*** Opening Exercise input ***
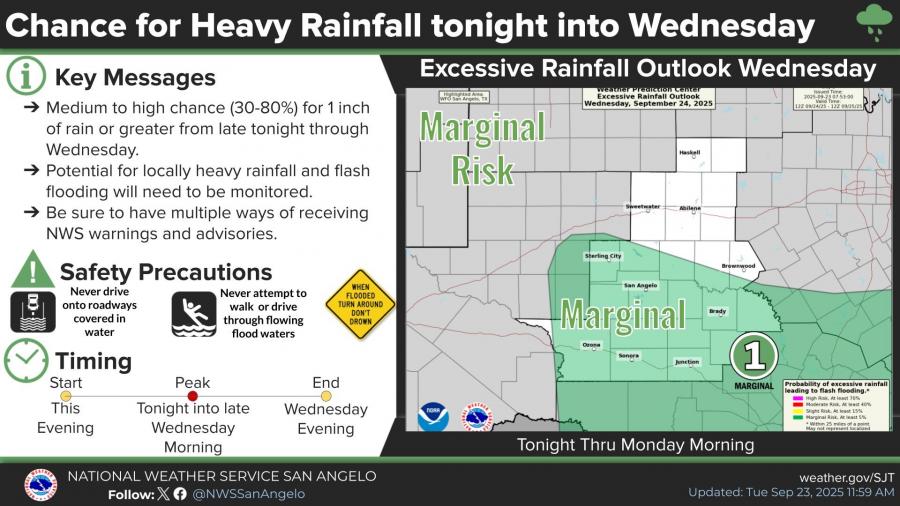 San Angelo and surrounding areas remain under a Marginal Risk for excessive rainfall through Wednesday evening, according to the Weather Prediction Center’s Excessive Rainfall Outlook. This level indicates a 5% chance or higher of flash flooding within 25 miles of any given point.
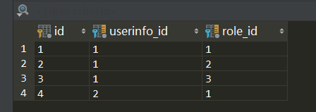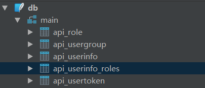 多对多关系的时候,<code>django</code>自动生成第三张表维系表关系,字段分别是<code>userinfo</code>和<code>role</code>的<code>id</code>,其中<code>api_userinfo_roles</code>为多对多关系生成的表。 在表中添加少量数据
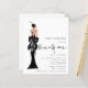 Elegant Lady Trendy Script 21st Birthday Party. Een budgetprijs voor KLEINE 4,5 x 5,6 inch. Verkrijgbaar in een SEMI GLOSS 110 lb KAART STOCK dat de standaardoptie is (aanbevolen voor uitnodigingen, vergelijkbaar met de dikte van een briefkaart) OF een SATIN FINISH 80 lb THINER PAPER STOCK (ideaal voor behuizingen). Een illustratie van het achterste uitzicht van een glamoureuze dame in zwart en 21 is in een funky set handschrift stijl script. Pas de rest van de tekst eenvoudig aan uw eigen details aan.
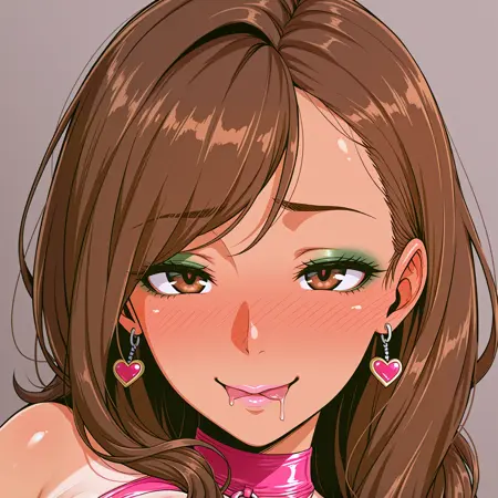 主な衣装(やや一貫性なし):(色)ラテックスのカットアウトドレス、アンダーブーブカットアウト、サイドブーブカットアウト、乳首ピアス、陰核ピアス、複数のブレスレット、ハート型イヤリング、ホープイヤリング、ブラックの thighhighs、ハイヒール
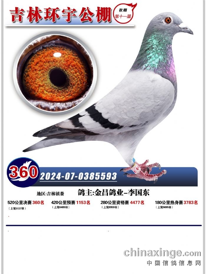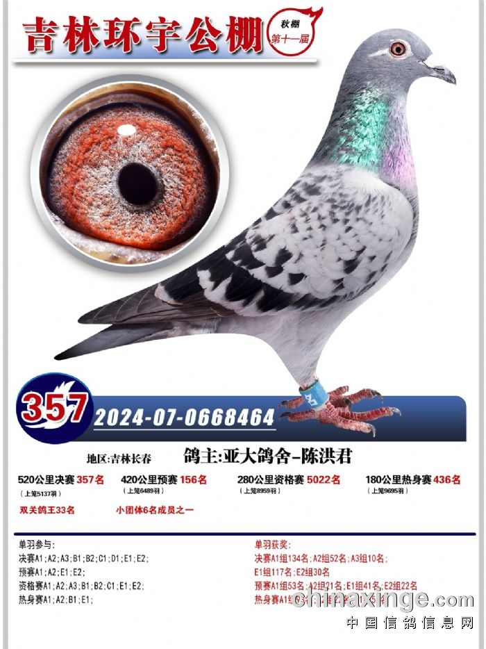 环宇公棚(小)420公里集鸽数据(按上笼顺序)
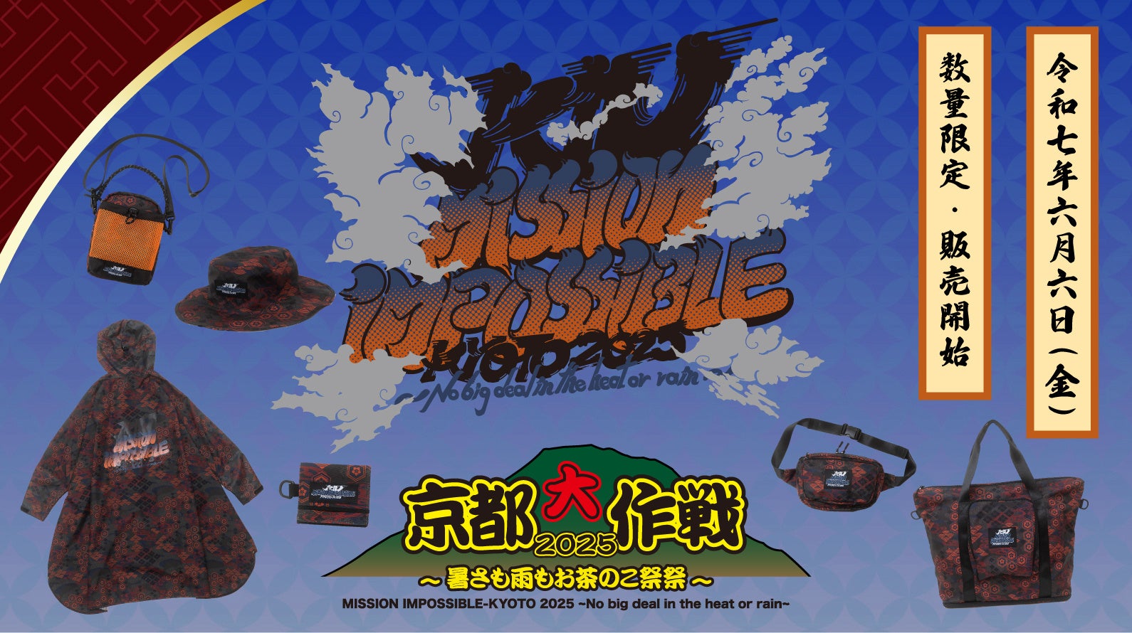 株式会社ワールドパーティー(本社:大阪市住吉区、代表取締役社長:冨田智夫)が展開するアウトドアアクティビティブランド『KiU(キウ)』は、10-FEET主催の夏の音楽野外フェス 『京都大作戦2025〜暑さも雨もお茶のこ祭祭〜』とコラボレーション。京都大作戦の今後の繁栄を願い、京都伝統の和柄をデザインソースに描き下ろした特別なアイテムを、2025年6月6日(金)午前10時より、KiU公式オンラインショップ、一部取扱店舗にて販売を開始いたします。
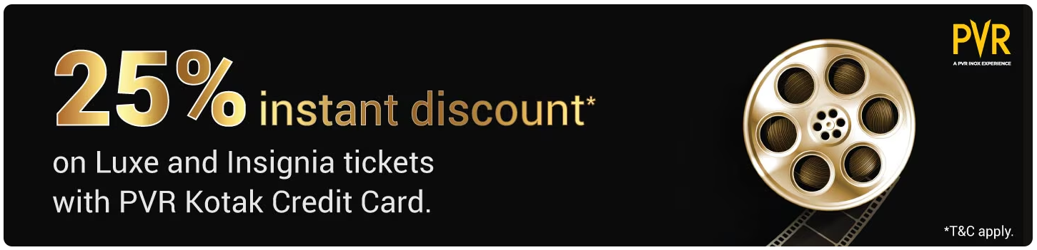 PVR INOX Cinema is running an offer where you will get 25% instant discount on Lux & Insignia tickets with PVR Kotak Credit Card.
*** Closing Exercise input ***
*** Opening Exercise input ***
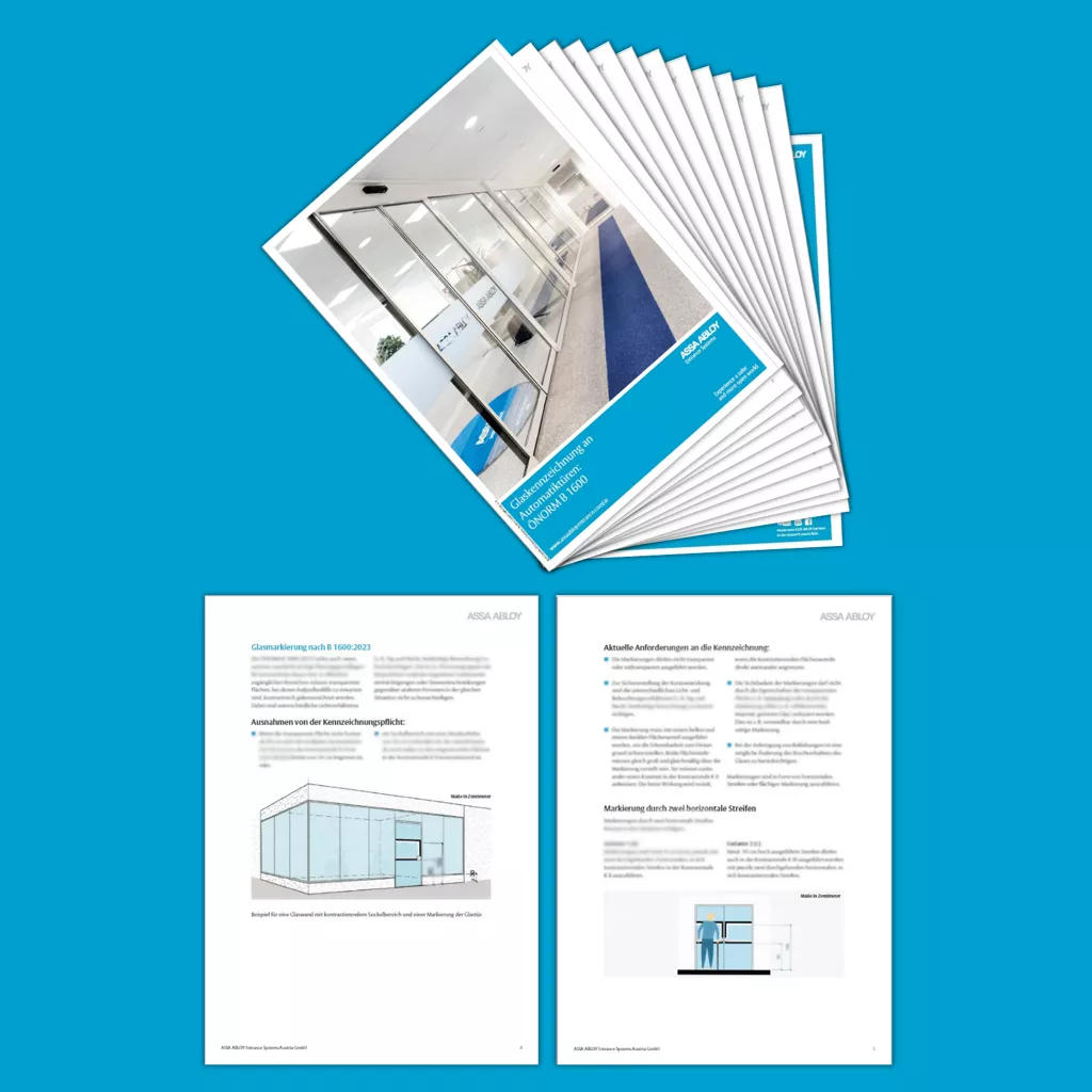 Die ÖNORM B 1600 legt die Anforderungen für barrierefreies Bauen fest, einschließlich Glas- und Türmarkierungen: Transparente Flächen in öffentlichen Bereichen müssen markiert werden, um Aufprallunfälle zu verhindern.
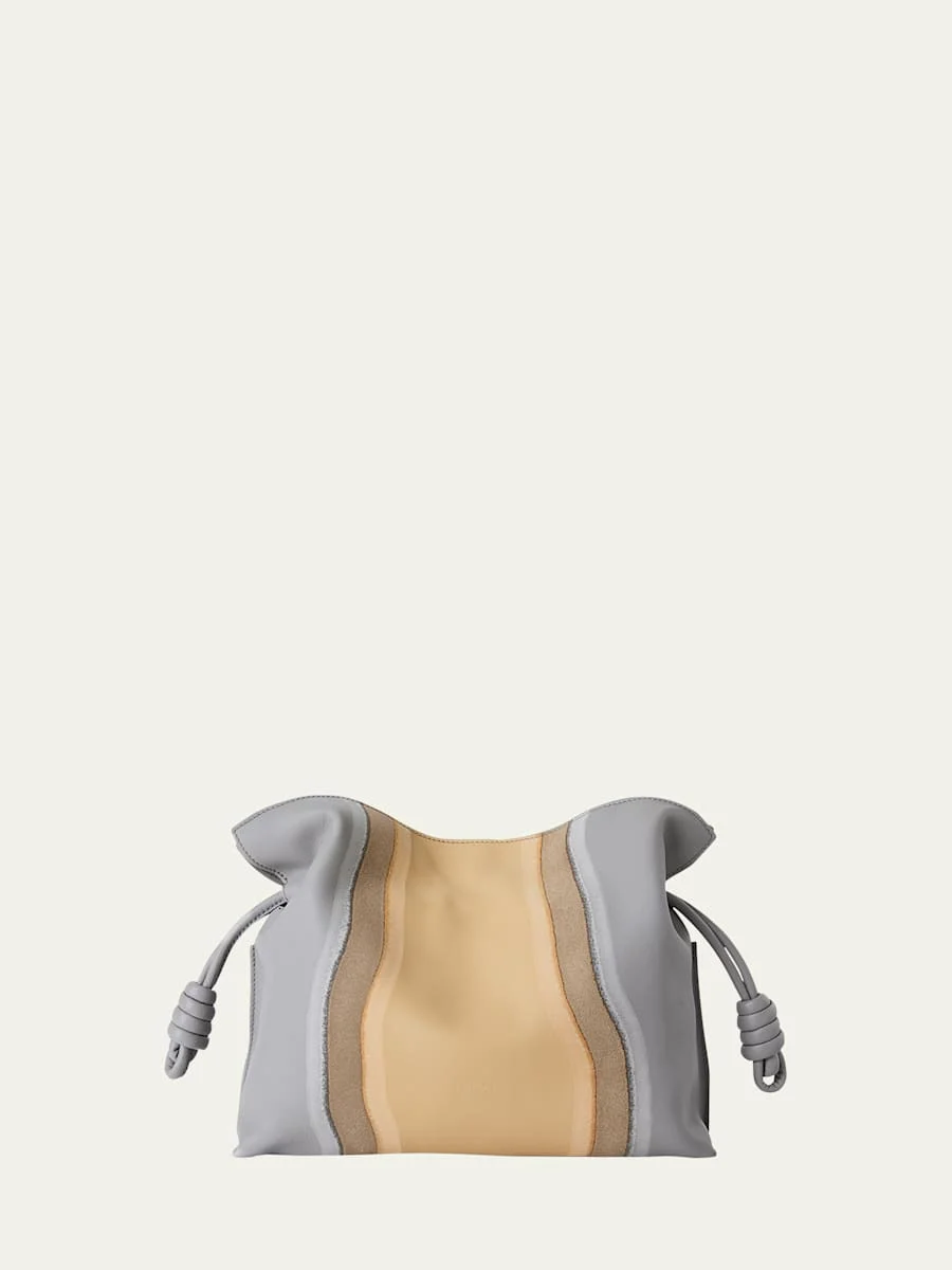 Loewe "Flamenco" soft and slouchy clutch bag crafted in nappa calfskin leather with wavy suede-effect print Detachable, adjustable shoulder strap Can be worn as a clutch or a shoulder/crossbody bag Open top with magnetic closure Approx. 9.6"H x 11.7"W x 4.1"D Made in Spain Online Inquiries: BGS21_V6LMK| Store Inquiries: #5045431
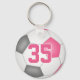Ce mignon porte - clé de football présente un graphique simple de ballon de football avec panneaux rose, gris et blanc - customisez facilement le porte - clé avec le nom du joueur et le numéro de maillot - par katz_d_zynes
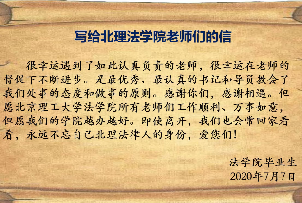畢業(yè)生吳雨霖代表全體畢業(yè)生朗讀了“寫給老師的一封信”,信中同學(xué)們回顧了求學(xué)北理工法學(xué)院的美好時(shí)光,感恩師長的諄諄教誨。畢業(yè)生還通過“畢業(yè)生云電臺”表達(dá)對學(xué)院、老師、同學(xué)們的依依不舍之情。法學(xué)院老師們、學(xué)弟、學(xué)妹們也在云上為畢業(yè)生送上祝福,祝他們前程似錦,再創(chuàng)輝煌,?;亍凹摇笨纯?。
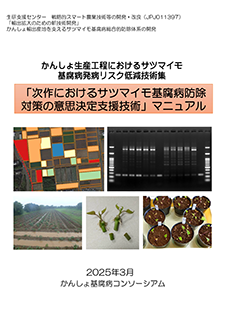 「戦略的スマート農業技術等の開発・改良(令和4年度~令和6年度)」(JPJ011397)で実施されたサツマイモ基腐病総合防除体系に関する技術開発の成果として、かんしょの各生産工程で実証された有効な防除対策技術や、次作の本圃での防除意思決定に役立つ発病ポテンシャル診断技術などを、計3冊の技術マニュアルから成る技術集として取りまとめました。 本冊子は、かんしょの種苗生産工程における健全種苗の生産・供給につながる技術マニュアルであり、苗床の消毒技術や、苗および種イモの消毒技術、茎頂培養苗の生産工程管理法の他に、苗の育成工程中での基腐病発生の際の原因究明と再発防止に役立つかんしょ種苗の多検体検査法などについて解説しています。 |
*** Closing Exercise input ***
▶ _Task objective_:
What lines above run from the one with "San Angelo and" to the one with "株式会社ワールドパーティー(本社:大阪市"? Give them again exactly, ends included, and leave the pictures out.

▶ _Completed exercise_:
 San Angelo and surrounding areas remain under a Marginal Risk for excessive rainfall through Wednesday evening, according to the Weather Prediction Center’s Excessive Rainfall Outlook. This level indicates a 5% chance or higher of flash flooding within 25 miles of any given point.
 多对多关系的时候,<code>django</code>自动生成第三张表维系表关系,字段分别是<code>userinfo</code>和<code>role</code>的<code>id</code>,其中<code>api_userinfo_roles</code>为多对多关系生成的表。 在表中添加少量数据
 Elegant Lady Trendy Script 21st Birthday Party. Een budgetprijs voor KLEINE 4,5 x 5,6 inch. Verkrijgbaar in een SEMI GLOSS 110 lb KAART STOCK dat de standaardoptie is (aanbevolen voor uitnodigingen, vergelijkbaar met de dikte van een briefkaart) OF een SATIN FINISH 80 lb THINER PAPER STOCK (ideaal voor behuizingen). Een illustratie van het achterste uitzicht van een glamoureuze dame in zwart en 21 is in een funky set handschrift stijl script. Pas de rest van de tekst eenvoudig aan uw eigen details aan.
 主な衣装(やや一貫性なし):(色)ラテックスのカットアウトドレス、アンダーブーブカットアウト、サイドブーブカットアウト、乳首ピアス、陰核ピアス、複数のブレスレット、ハート型イヤリング、ホープイヤリング、ブラックの thighhighs、ハイヒール
 环宇公棚(小)420公里集鸽数据(按上笼顺序)
 株式会社ワールドパーティー(本社:大阪市住吉区、代表取締役社長:冨田智夫)が展開するアウトドアアクティビティブランド『KiU(キウ)』は、10-FEET主催の夏の音楽野外フェス 『京都大作戦2025〜暑さも雨もお茶のこ祭祭〜』とコラボレーション。京都大作戦の今後の繁栄を願い、京都伝統の和柄をデザインソースに描き下ろした特別なアイテムを、2025年6月6日(金)午前10時より、KiU公式オンラインショップ、一部取扱店舗にて販売を開始いたします。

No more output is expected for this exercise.